Last week, I showed a small, 2-seater aircraft in 1:48th scale that I intend to use for Pulp wargaming: the Avia BH-11. Whilst this will be useful, I really need an airliner for my next intended scenario. However, an iconic 1930s plane such as the DC-3 has a wingspan of 95 feet. At 1:48 scale, that's very close to 2 feet (60cm) across! A German Ju-52 trimotor has almost exactly the same dimensions, so that's no better.
On a 3' gaming table, a 2' wide model would dominate, leaving little room for anything else. Equally, the cost of such a large kit and the storage requirements of the completed model are offputting. So, what to do?
Instead of looking for a medium-sized airliner such as the DC-3, I decided to search for much smaller twin-motor craft. Here's one that I found...
The Beech Model 18
The Beech Model 18 (also known as the "Twin Beech", or "C-45 Expeditor" when in USAAF service) was a small transport aircraft that was produced in surprisingly large numbers. It typically carried about 7 passengers (compared to the DC-3's capacity of 30 or so). The Model 18 first flew in 1937, so it just about fits in the Interwar period that I desire for Pulp adventures.
Because the original is a relatively small craft, the 1:48th scale model has a wingspan of marginally under 1 foot (30cm). That's much more manageable on a wargames table! I've included a 28mm figure for comparison purposes, as well as a home made set of steps.
So, what can I tell you about this model?

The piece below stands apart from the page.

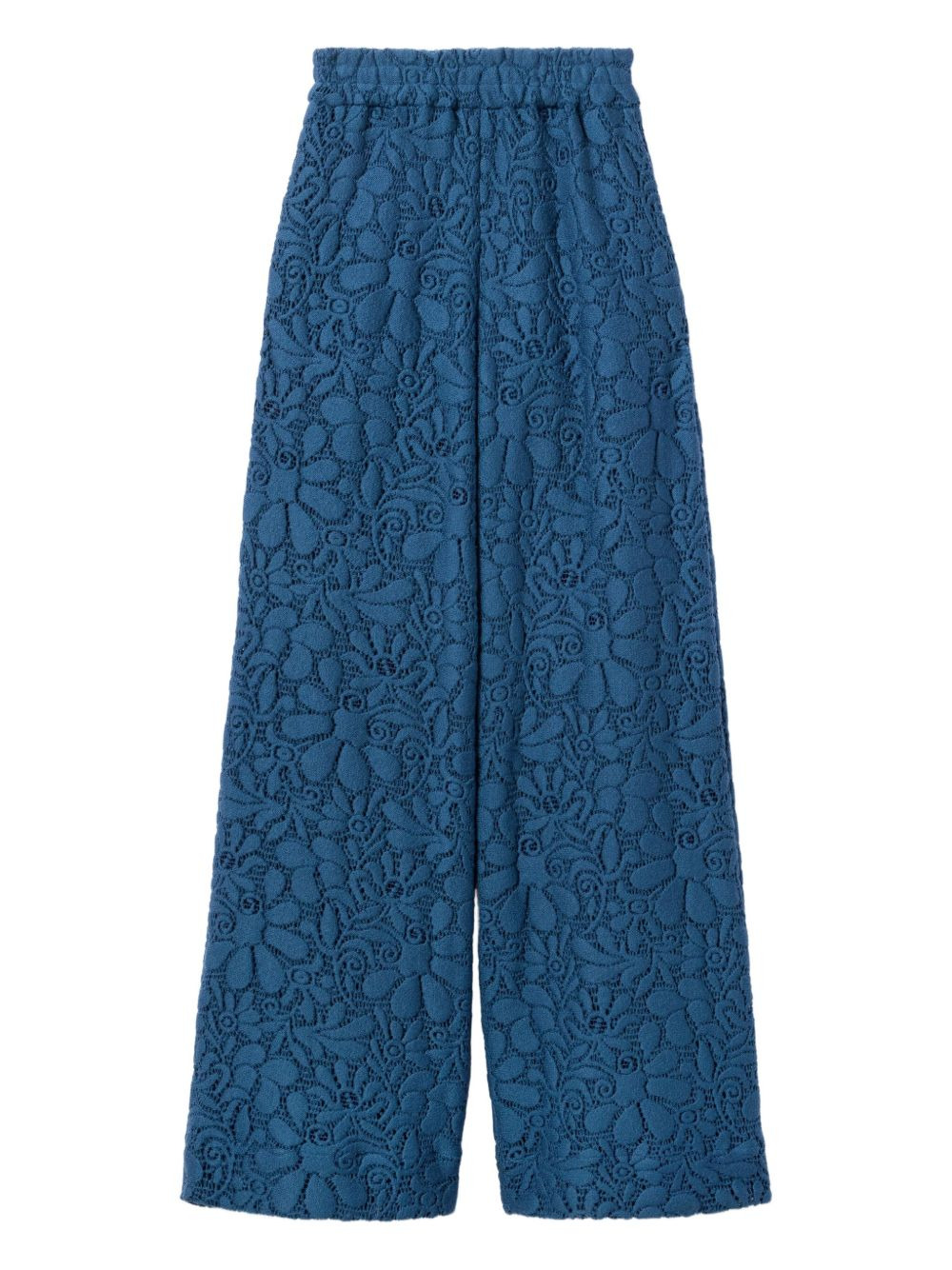 floral-pattern lace trousers Highlights - Blue - Floral-pattern - Lace - Elasticated waistband Made in Italy Composition Wool 90%, Polyamide 10% Washing instructions Read Manufacturer Guidelines

- It's built from a kit by ICM, though I believe that Revell have also released a kit from the same tooling.
- The kit is fairly easy to find online; there are a number of sellers who offer it. I paid around £20 for mine, which is significant but not prohibitive. Your circumstances may differ, of course.

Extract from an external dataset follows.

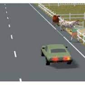 Si el conductor del vehículo verde prevé que los animales pueden invadir la vía, debe moderar la velocidad y, si es necesario, detener el vehículo.

- The interior is fully detailed, with instrument panels, controls and seats. Normally, I would assemble a model fully before undercoating, painting and sealing it. In this case, I had to paint the sections separately before final assembly - and then fill & touch up the paint around the joints.
- No crew figures come with the ICM kit (& probably not with the Revell one either, I imagine). However, I added a pilot from another kit. He's just about visible in the left hand, front seat. Apparently it's convention for the pilot to sit in the left seat for a fixed wing aircraft, but the right seat in a helicopter!
- I've cut down the propellers and added "spinning disks" instead, as I want my model to be preparing for take-off. Opinions in the scale modeller world on the effectiveness of this technique seem to be fairly negative, but it works for me.
- For the most part, the pieces fitted together well. However, two area were problematic.
Firstly, the seats had some very thin and brittle parts (the frames/legs). I broke quite a few of these when trying to cut them from the sprue and even had to replace one shattered seat frame completely with wire. Fortunately (or unfortunately, considering the amount of effort I put into these), the passenger seats can't really be seen inside the completed model.
Secondly, the undercarriage is composed of a large number of spindly struts. Assembly of this was complex and I think that these are easily the most fragile part of the plane.
- I haven't fitted radio aerials to the model; these would probably be in the way when wargaming and don't add hugely to the overall appearance.
- The colour scheme and markings are entirely fictitious and my own work, though I did take inspiration from some real life airlines.
The ICM Beech 18 kit makes a nice model that is a very good size for 28mm figures and not hugely expensive either. However, it is primarily intended as a scale modeller's kit rather than for wargaming. Consequently it was a bit more intricate to build than I might have desired. The big concern I have is how fragile it will be, though as a static centrepiece for a game it shouldn't have a lot of handling.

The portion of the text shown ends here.